Three Key Fertility Tracking Gadgets

Three Key Fertility Tracking Gadgets

When you’re trying to get pregnant, so much hinges on trying at exactly the right time. You can only successfully conceive in a relatively precise window around the time when you ovulate – dictated by how long sperm and egg remain fertile in the body. Sperm can survive for up five days, while an egg remains fertile for between twelve and twenty four hours after ovulation so as you can see you have a window of around six days per cycle to try to conceive.

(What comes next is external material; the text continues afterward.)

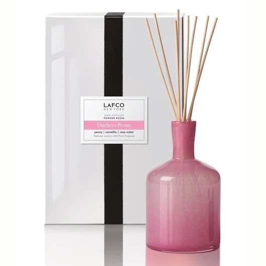 LAFCO Powder Room (Duchess Peony) Diffuser is the soft round fragrance of peony in full bloom, combined with camellia and just a hint of rain mist and cassis to create a floral that seems to embrace a brand new new morning in spring.

That means there are plenty of gadgets, apps and systems available promising a shortcut to fertility and a successful conception. Today we’re taking a look at three of the best.

OvuSense

One of the most effective ways for a fertility tracker to work is by measuring your basal body temperature. This fluctuates throughout the month and can give you an indication of when you’re due to ovulate, as it drops the day before and then spikes for 72 hours afterwards.

The problem with this method is that your basal body temperature is only available when you’re asleep – so getting up to take your temperature actually disrupts the results!

OvuSense monitors your temperature through the night and uses an app to output the results in the form of a prediction of when you’re due to ovulate – which gets more accurate as the algorithm gets to know the specifics of your cycle.

First Response

Ovulation Prediction Kits use hormone measurement rather than temperature to tell you when the best time to get pregnant is. They’re available in many supermarkets and pharmacies, and they work like a pregnancy test – testing your urine for hormone levels. That makes them very convenient, but there are downsides.

They’re an off the shelf product, which means if you have any hormone irregularities, and don’t fit the profile they’re built to, it can make it difficult for them to give you useful results.

This brand starts to solve that problem – it records your hormone levels over several days, and checks the results for deviations from that norm, rather than a set level that’s only useful for a proportion of people.

Fertility Friend

If you don’t want to use a complicated or indeed invasive device to check your fertility directly, then apps are a convenient way forward. Fertility Friend gets our vote for its choice of free or paid options, and the wealth of information and guidance on offer, with the paid variant giving you access to even more analysis and help to find the best time to conceive.